Hubo un día en Varsovia que no me dejaron pasar por una calle porque
estaban filmando una película ¡una película! Grabé un video de 33
segundos de ese momento. Se veía todo tan exacto, tan a los
documentales que he visto: los niños jugando con una pelota desgastada,
los guardias marchando, la hogaza de pan. Qué loco, pensé, estoy en
Varsovia viendo cómo graban una película de los tiempos de la guerra. No
me quedé mucho tiempo. No sabía a dónde quería ir, que cuando viajo
sola todo se vuelve muy: me provoca a la derecha y ahora a la izquierda.

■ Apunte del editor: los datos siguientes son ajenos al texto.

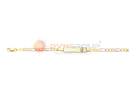 Three Tone Plated Virgin Mary Figaro ID Bracelet, with 5 mm width, weighing approx 8 grams, Available in sizes from 6" Inches to 10.5" Inches, with High Polish Finish

Pero justo después de eso llegué a los linderos de la muralla y habían dos
niños compartiendo un poco de agua. Estaban sentados en la muralla,
muy sudados, mientras sus bicicletas reposaban en la pared. Me apoyé en
un muro y les hice una foto y uno de ellos me miró y me saludó. Yo le
devolví el saludo, la sonrisa cómplice. Me alzó el pulgar y yo también.
Tenía lentes, yo también. Y nos reímos. Esa, justo esa, es mi foto preferida
del viaje que hice por Europa durante tres meses. Fue su risa, la luz de la
tarde, el sabor de mi chiclet, su sudor, su pulgar al aire, la muralla, el árbol
de hojas rojas. Ese instante lo atesoro. Y miren que Polonia fue apenas el
segundo país por el que pasé en tres meses. Y Varsovia la segunda
ciudad que conocía en ese periplo. Pero esa foto, un solo click, se me
grabó en los sentidos y permaneció al final de toda la travesía, varias
ciudades después.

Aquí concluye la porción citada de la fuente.